Data excerpts -
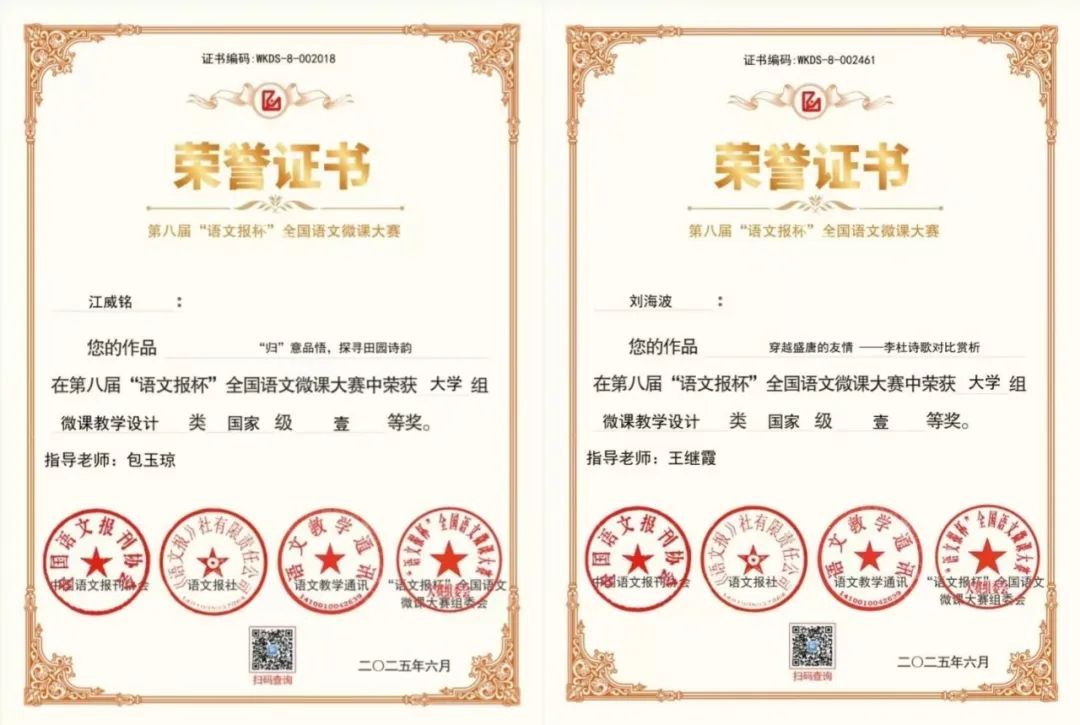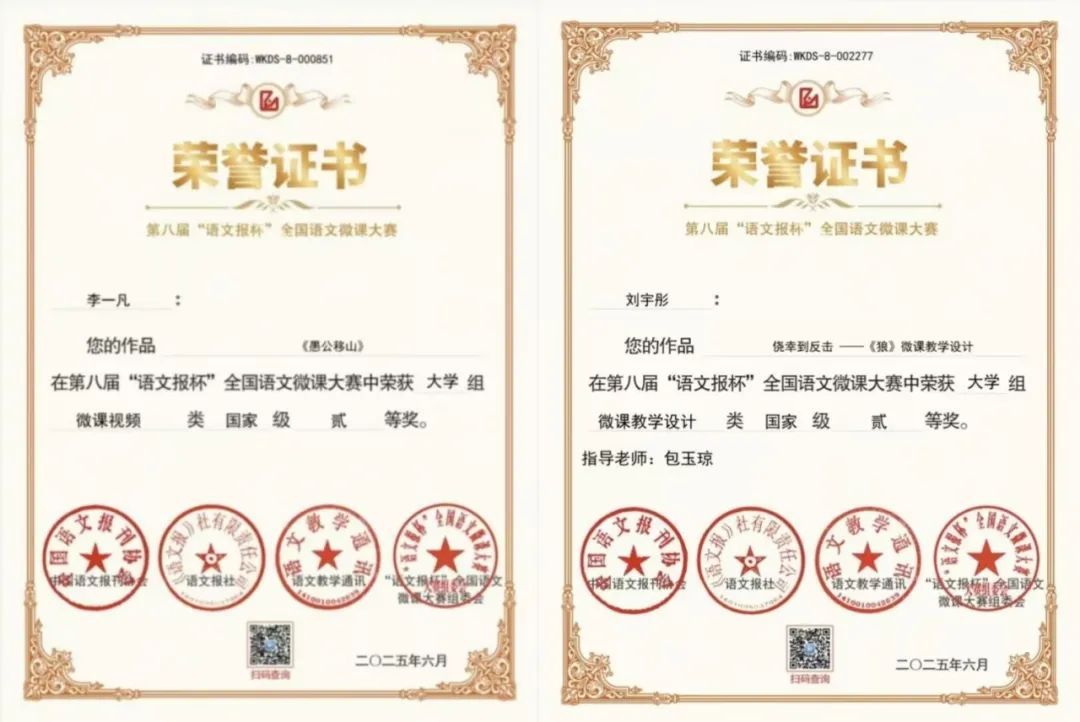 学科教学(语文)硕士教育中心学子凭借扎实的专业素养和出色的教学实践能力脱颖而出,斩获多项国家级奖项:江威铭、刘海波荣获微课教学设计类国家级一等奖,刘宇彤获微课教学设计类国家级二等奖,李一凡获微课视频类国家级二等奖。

...

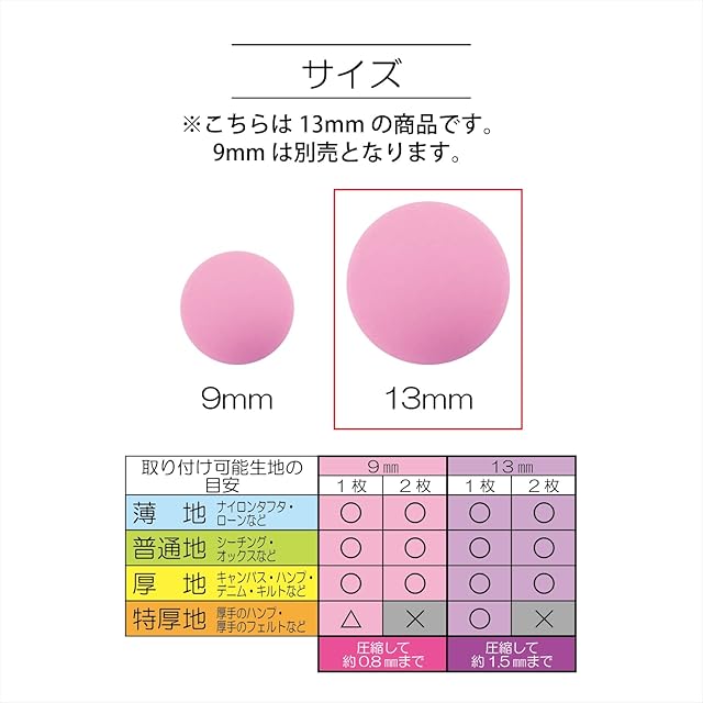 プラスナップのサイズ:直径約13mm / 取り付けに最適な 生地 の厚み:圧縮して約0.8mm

--

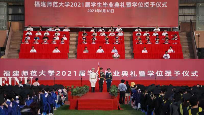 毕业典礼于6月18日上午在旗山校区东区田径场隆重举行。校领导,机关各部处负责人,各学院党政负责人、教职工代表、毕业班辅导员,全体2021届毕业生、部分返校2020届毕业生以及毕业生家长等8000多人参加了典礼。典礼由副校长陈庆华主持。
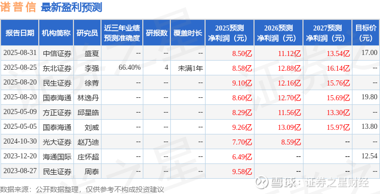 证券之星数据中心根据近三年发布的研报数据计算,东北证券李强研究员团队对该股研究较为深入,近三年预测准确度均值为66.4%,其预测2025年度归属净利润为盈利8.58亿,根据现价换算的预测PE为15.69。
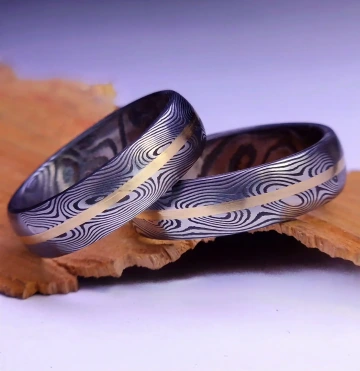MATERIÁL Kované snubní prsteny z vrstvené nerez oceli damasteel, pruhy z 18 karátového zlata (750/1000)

Exercise instructions -
Leave the pictures out, and transcribe exactly the lines above starting at the one that contains "毕业典礼于6月18日上午在旗" and ending at the one that contains "证券之星数据中心根据近三年发".

Exercise result -
 毕业典礼于6月18日上午在旗山校区东区田径场隆重举行。校领导,机关各部处负责人,各学院党政负责人、教职工代表、毕业班辅导员,全体2021届毕业生、部分返校2020届毕业生以及毕业生家长等8000多人参加了典礼。典礼由副校长陈庆华主持。
 证券之星数据中心根据近三年发布的研报数据计算,东北证券李强研究员团队对该股研究较为深入,近三年预测准确度均值为66.4%,其预测2025年度归属净利润为盈利8.58亿,根据现价换算的预测PE为15.69。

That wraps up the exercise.